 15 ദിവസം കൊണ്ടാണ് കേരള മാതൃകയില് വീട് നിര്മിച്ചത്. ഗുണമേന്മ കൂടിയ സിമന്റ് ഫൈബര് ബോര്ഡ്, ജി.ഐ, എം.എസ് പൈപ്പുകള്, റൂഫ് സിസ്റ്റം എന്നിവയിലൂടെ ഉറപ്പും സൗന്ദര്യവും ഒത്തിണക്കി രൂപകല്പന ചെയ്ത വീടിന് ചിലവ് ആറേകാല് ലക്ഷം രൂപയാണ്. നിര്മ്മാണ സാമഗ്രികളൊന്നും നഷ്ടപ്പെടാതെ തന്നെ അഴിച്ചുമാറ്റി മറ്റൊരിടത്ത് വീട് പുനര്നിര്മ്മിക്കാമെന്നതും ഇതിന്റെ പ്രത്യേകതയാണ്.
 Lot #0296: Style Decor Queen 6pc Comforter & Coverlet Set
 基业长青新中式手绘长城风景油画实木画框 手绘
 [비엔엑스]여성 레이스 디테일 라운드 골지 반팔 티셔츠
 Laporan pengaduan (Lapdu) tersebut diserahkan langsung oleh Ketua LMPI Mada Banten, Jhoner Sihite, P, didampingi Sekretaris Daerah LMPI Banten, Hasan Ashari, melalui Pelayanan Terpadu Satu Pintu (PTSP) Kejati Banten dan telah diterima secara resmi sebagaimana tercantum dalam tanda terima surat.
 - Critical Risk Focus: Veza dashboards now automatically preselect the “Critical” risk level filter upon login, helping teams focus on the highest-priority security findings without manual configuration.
---
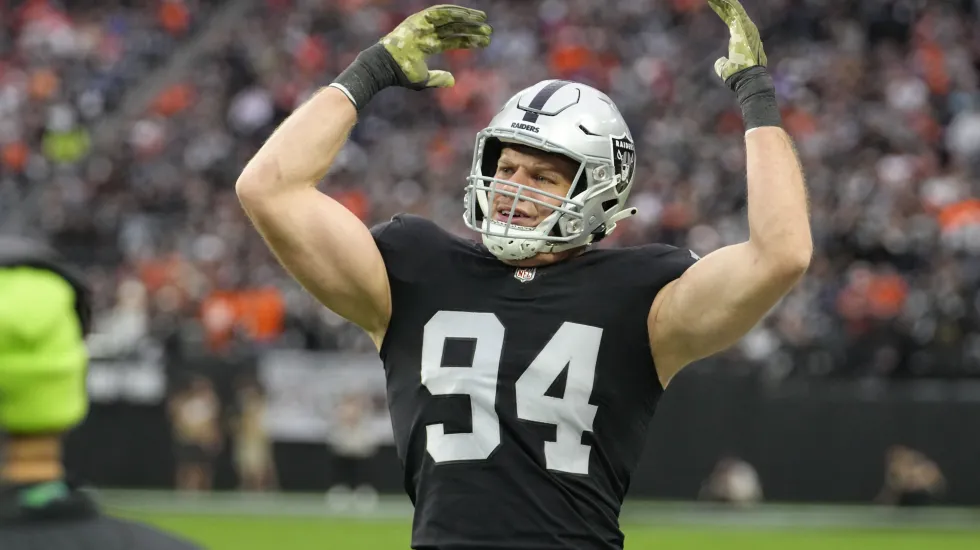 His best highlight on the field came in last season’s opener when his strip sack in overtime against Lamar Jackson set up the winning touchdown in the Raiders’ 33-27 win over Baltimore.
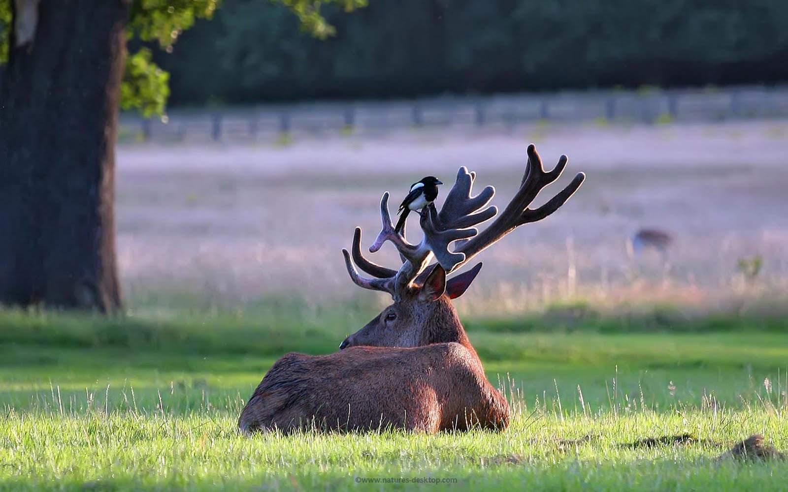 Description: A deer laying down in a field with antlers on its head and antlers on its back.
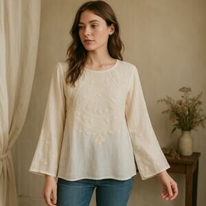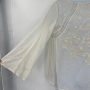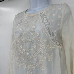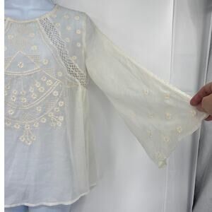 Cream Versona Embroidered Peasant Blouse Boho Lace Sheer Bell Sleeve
---
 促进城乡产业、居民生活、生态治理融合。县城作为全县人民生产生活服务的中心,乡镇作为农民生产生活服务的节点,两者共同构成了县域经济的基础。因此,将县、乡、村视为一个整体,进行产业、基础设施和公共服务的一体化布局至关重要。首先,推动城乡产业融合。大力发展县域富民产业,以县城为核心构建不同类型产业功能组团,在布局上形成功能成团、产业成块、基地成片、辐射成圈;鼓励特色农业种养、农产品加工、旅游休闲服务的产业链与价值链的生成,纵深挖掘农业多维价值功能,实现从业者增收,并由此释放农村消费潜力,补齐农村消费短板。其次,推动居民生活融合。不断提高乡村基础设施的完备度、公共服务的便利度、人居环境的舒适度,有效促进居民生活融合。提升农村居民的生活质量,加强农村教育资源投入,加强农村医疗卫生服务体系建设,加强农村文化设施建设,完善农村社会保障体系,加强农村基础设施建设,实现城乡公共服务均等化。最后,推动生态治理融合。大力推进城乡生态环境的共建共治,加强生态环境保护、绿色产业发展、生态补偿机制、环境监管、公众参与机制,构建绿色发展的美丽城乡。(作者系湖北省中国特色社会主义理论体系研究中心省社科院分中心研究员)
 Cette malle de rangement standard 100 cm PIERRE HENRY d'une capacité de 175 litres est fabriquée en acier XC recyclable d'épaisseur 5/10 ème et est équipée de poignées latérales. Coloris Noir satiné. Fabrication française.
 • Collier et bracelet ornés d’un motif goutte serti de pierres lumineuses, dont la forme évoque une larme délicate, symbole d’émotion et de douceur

_GOAL OF THE EXERCISE_
Among the records above, extract exactly the lines from the line with "15 ദിവസം കൊണ്ടാണ്" to the line with "- Critical Risk", both lines included, and leave out the rest.

_WRITTEN ANSWER_
 15 ദിവസം കൊണ്ടാണ് കേരള മാതൃകയില് വീട് നിര്മിച്ചത്. ഗുണമേന്മ കൂടിയ സിമന്റ് ഫൈബര് ബോര്ഡ്, ജി.ഐ, എം.എസ് പൈപ്പുകള്, റൂഫ് സിസ്റ്റം എന്നിവയിലൂടെ ഉറപ്പും സൗന്ദര്യവും ഒത്തിണക്കി രൂപകല്പന ചെയ്ത വീടിന് ചിലവ് ആറേകാല് ലക്ഷം രൂപയാണ്. നിര്മ്മാണ സാമഗ്രികളൊന്നും നഷ്ടപ്പെടാതെ തന്നെ അഴിച്ചുമാറ്റി മറ്റൊരിടത്ത് വീട് പുനര്നിര്മ്മിക്കാമെന്നതും ഇതിന്റെ പ്രത്യേകതയാണ്.
 Lot #0296: Style Decor Queen 6pc Comforter & Coverlet Set
 基业长青新中式手绘长城风景油画实木画框 手绘
 [비엔엑스]여성 레이스 디테일 라운드 골지 반팔 티셔츠
 Laporan pengaduan (Lapdu) tersebut diserahkan langsung oleh Ketua LMPI Mada Banten, Jhoner Sihite, P, didampingi Sekretaris Daerah LMPI Banten, Hasan Ashari, melalui Pelayanan Terpadu Satu Pintu (PTSP) Kejati Banten dan telah diterima secara resmi sebagaimana tercantum dalam tanda terima surat.
 - Critical Risk Focus: Veza dashboards now automatically preselect the “Critical” risk level filter upon login, helping teams focus on the highest-priority security findings without manual configuration.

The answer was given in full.